To measure the displacement sensitivity of SD-FCT, we performed the following procedure with one thin fluorescent layer: First, we recorded K samples of the SD-FCT signal and fast Fourier transformed them after resampling. Resampling is necessary to obtain a signal that is evenly spaced in wave number rather than in wavelength, the latter being the domain in which the SD-FCT signal is detected by the spectrometer. Next, the phase of the pixel at the peak of the resulting K/2 pixel complex–valued axial profile was recorded as a function of time, and phase (∠I peak(t)) was converted to displacement (δz) by use of the fact that δz(t) μ ∠I peak(t) ∠I peak(t = t₀). This peak-intensity pixel corresponds to the position of the fluorescent layer to within the axial resolution of FCT; once more, this resolution is determined by the fluorescence emission bandwidth (Δω) and is proportional to 1/Δω. The histogram of the displacement variable (δz) reveals a nanometer-level stability, which was defined as the standard deviation of the displacement signal over time (Fig. 6A). To demonstrate the ability of SD-FCT to measure with nanometer-level accuracy, we used a calibrated sample consisting of a step pattern etched on one surface of a coverslip, where fluorescent beads were dried on the second surface (bottom panel of Fig. 6B). The step profile was obtained by computing the differential spatial phase of excited fluorophores along one axial cross-section of the sample by using a similar procedure to that described above, where z|(x,y) μ ∠I peak(x,y) − ∠I peak(x = x₀, y=y₀). Here z|(x,y) represents the axial displacement at a given transversal coordinate (x, y). The surface profile was obtained by averaging 15 consecutive profiles, each acquired in 0.1 s (Fig. 6B). This measurement predicts a step profile with a thickness (depth) of approximately 55 nm, which is comparable to the 47-nm thickness measured independently by spectral domain phase microscopy.^24,25 In principle, scanning the excitation line across the sample would enable recording several axial cross-sections and as a result open up a new possibility for quantitative phase-contrast imaging, which is similar to that reported for LCI.²⁵

Summary and Outlook

Most fluorescence microscopy methods use the intensity of fluorescent waves averaged over time, which is easily measured by detectors. The phase of the fluorescence wave is, by contrast, typically ignored. However, it also contains a significant source of information about the wave and can be used to yield new forms of mesoscopy and nanoscopy modalities. In this report, we presented two new methods to probe this phase information at the frequencies of fluorescent light by using interferometry, and we demonstrated cross-sectional imaging (or FCT) and nanometer-level profiling. Fourier-based parallel FCT (or SD-FCT) can be useful for one-shot, scanning-free, wide-field, and cross-sectional imaging of structures in biological specimens that are selectively labeled with fluorescent markers, such as the embryonic nervous system of Drosophila melanogaster.⁴⁹ Also, our recent report on image formation in fluorescence coherence–gated imaging through scattering media⁴³ indicates that coherence gating in fluorescence imaging may provide an improved approach for depth-resolved imaging of fluorescently labeled samples. With FCT, high axial resolution (a few microns) can be achieved with low NAs (NA < 0.09) while maintaining a large depth of field (a few hundreds of microns) in a relatively low scattering medium (six mean free paths), whereas moderate NAs can be used to enhance depth selectivity in highly scattering biological samples.

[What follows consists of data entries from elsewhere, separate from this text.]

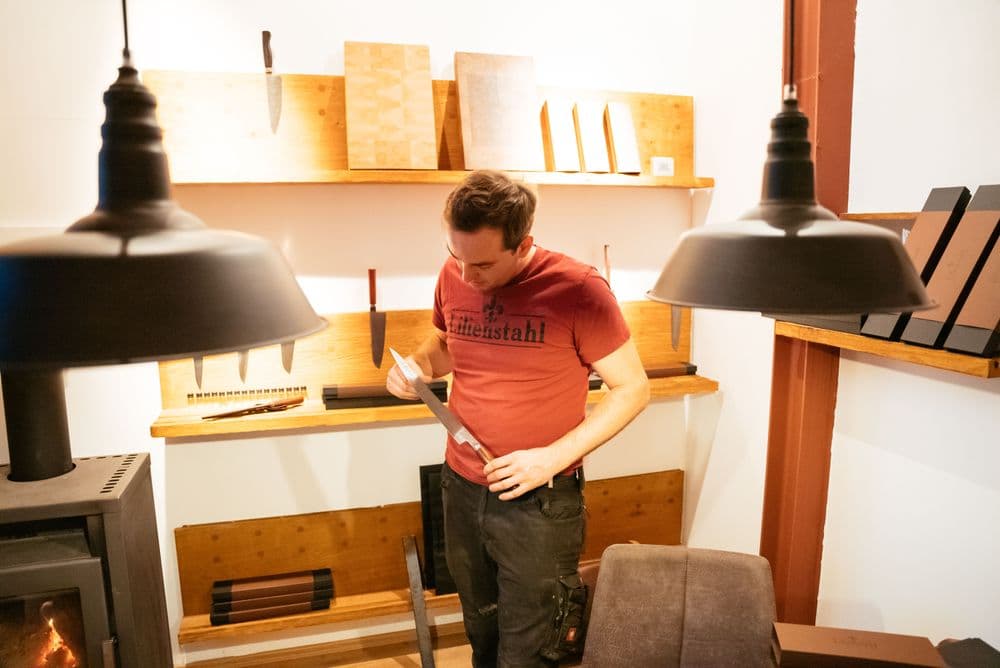 His attitude and convictions have made the business into what it is today: ambitious, successful and well-known among the best chefs in the land. Did he every think about quitting? Of course, there were moments when he had: “If you come to the point where you have no idea how you are going to pay your bills, doubts naturally start gnawing away at you. But you have to face up to obstacles like that. In the end, I am proud to have overcome these challenges, thanks also to my bank and my suppliers. It gives me fresh impetus.” And when people sometimes still ask him whether he can even make a living from his work? “I think, that is a matter of attitude nowadays.” And the feedback from customers shows me that I am on the right track.” Being an employee to someone else is a situation he finds inconceivable, anyway. “During a lab internship, I would show my colleagues knife samples in my free time and after work. Slowly I came to realize where my real passion lies.”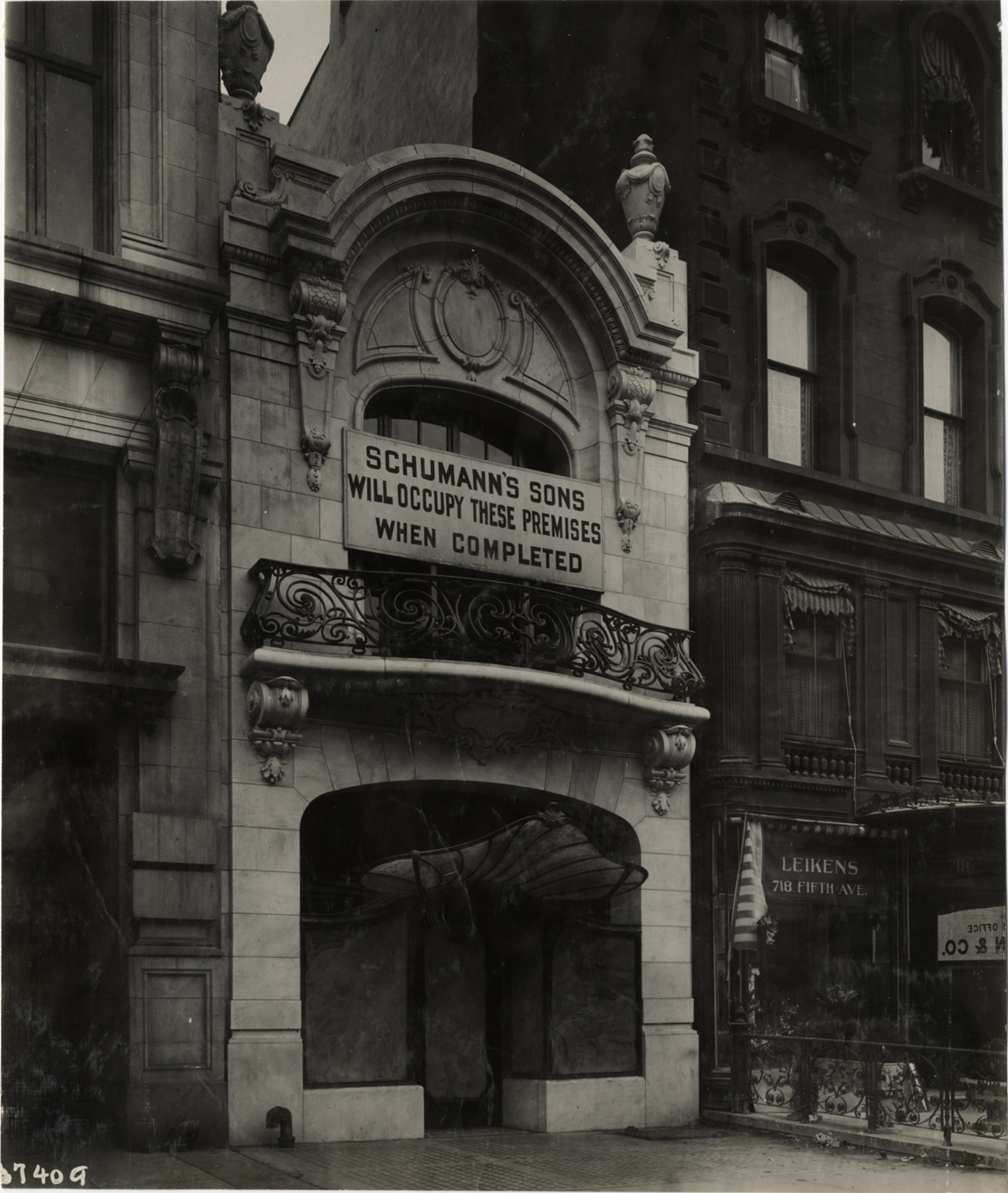 View of Schumann's Sons building. Facade of Art Nouveau style building has stone facade with curved awning and ornate balcony. Sign on building: "Schumann's Sons will occupy these premises when completed." Stamped on back: "Spooner & Wells, Inc., photographers, telephones 3472-3473 Columbus, 1931 Broadway, New York." Handwritten on back: "Architecture--Domestic, 1910."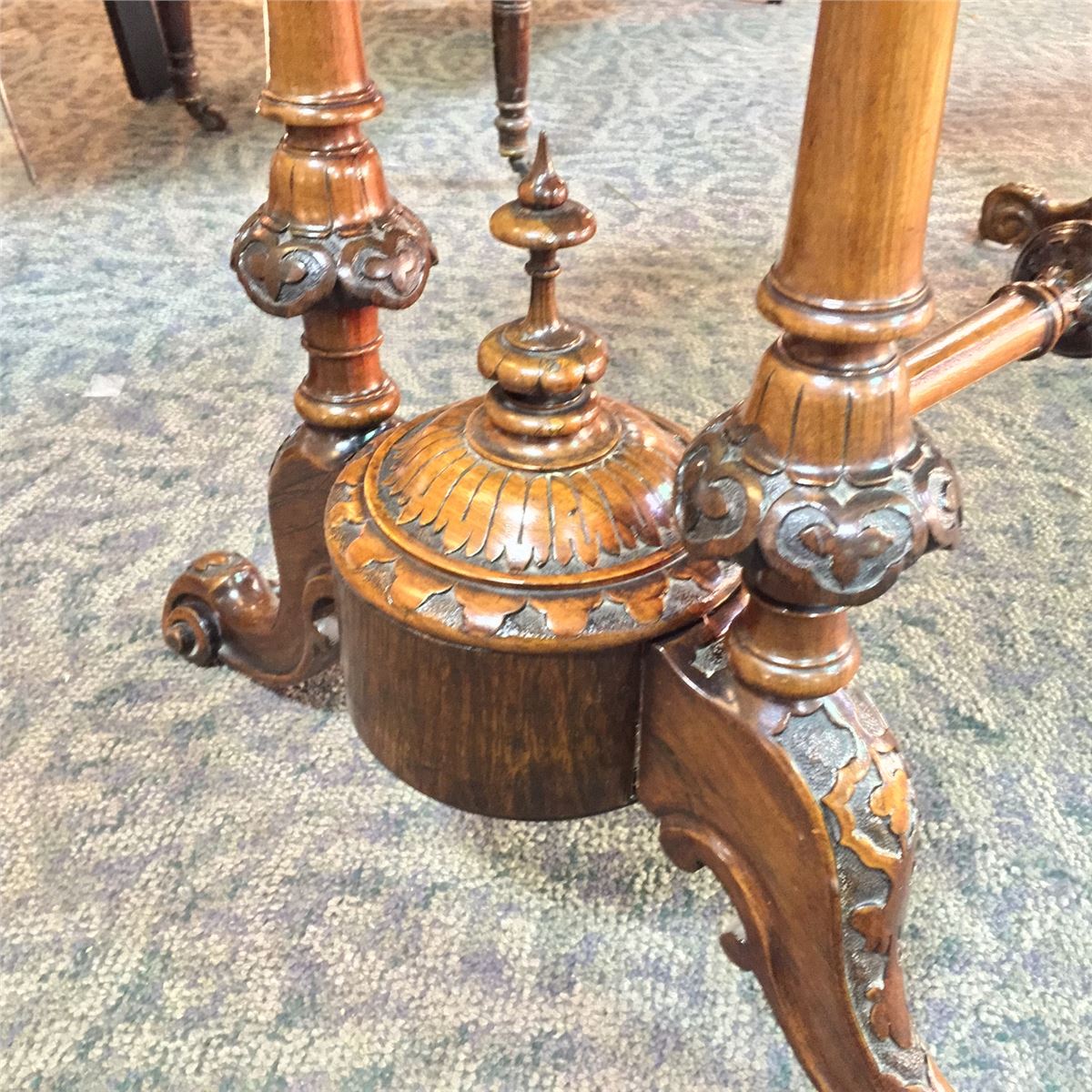 C. 1850 ROSEWOOD HALL TABLE, WITH ORIGINAL TURNED FINALS THAT ARE INTACT 48" W X 29" D X 26" H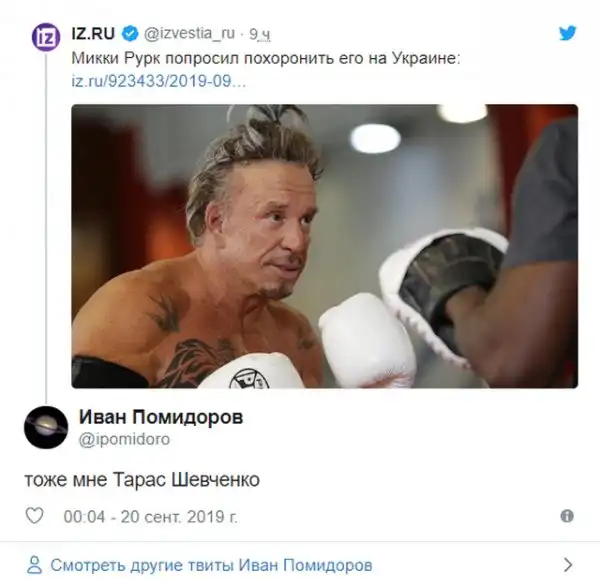 Микки Рурк захотел, чтобы его похоронили на Украине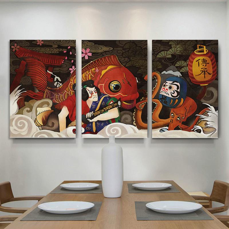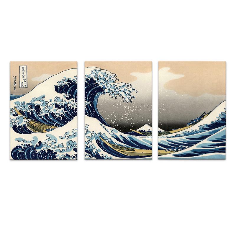 神奈川冲浪里浮世绘原木风海浪挂画民宿酒店日式 饰画 壁画客厅装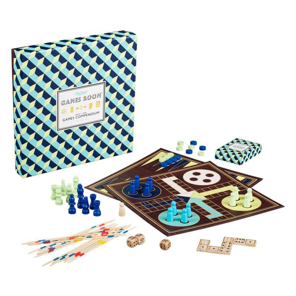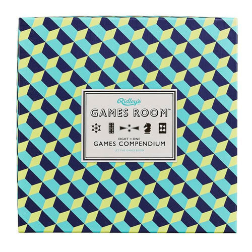 Miej klasyczną noc gier z tym kompendium z gier Ridleya! Kompendium ośmiu w jeden. Pakowane w geometrycznym pudełku do druku. Zawiera Backgammon, Szachy, Chińskie Checkery, Domino, szkice/warcaby, Ludo, patyki, karty do gry i instrukcje.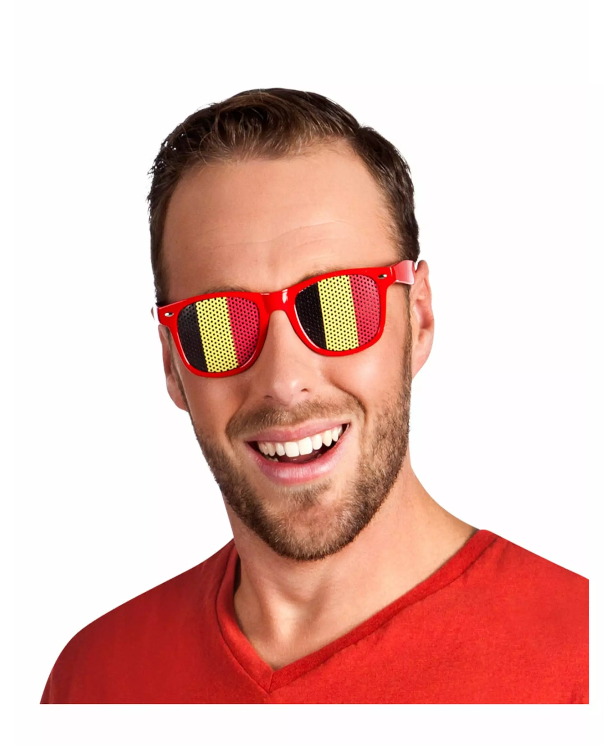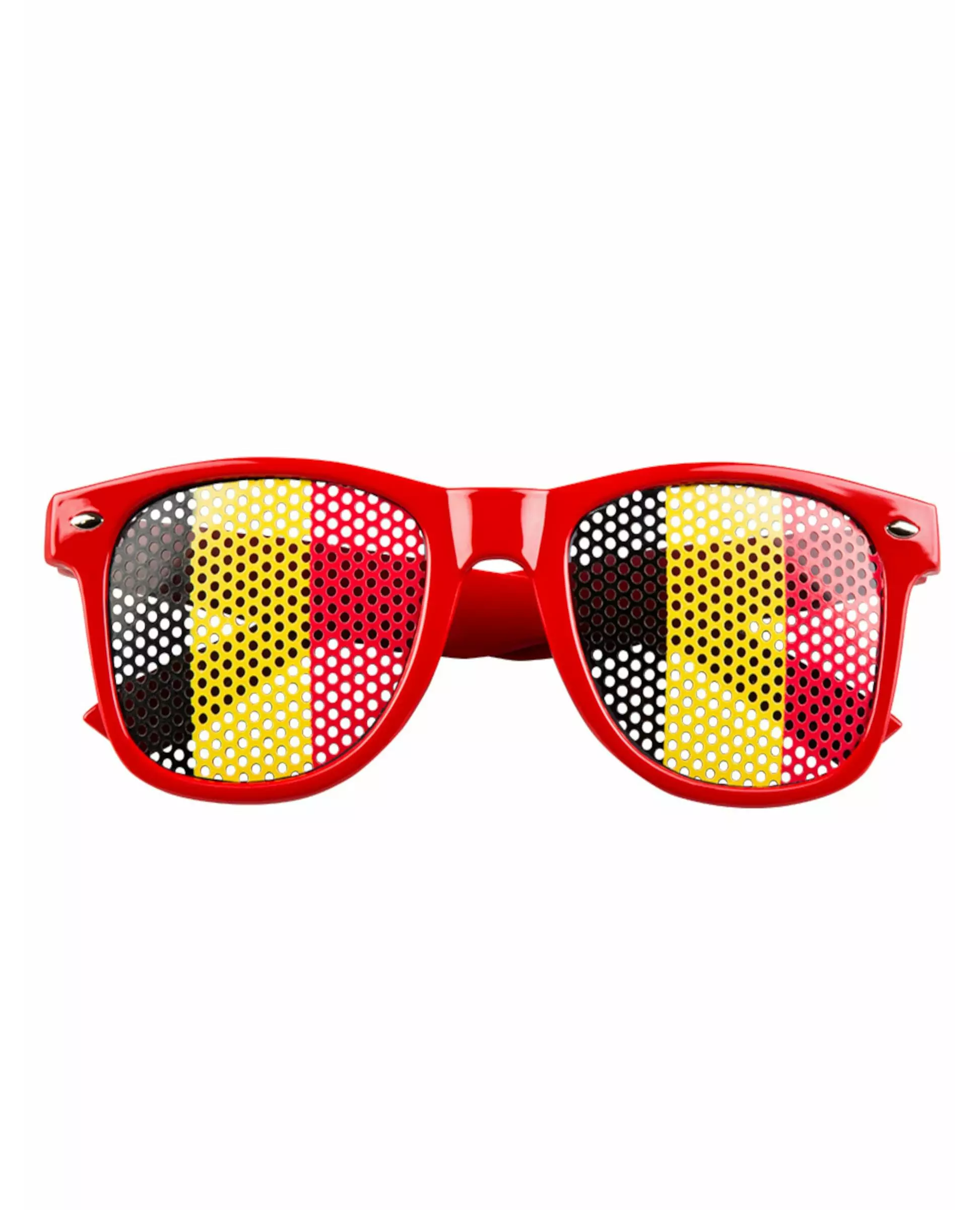 Støtt Belgia til øyetippene! Disse supporterbrillene er for voksne. De er laget av plast med rød innfatning. Klistremerker i fargene til det belgiske flagget er festet på linsene. De har en rekke perforeringer som gjør at du enkelt kan se gjennom dem. Brillenes innfatning måler omtrent 14,5 cm. Disse brillene vil være perfekte for å fullføre ditt belgiske supporterantrekk under sportsbegivenheter som VM eller EM! Inkludert tilbehør: 1 par briller Materiale: Plast Stell: Håndvask

Several future research directions are possible in fluorescence interferometry. First, the effect of multiple scattering of fluorescent light on the imaging performance of FCT is still unexplored, and both experimental and Monte Carlo studies^50–52 are required. Second, a detailed analysis of the effect of temporal resolution on motion artifacts in FCT should be performed. Third, the potential use of FCT for whole-organism three-dimensional imaging using quantum dot labeling and bioluminescence is attractive and must be investigated. Finally, finding ways to use the phase shifts of the interference patterns cast by the fluorescence waves is necessary to develop new forms of far-field optical nanoscopy and phase-contrast microscopy strategies.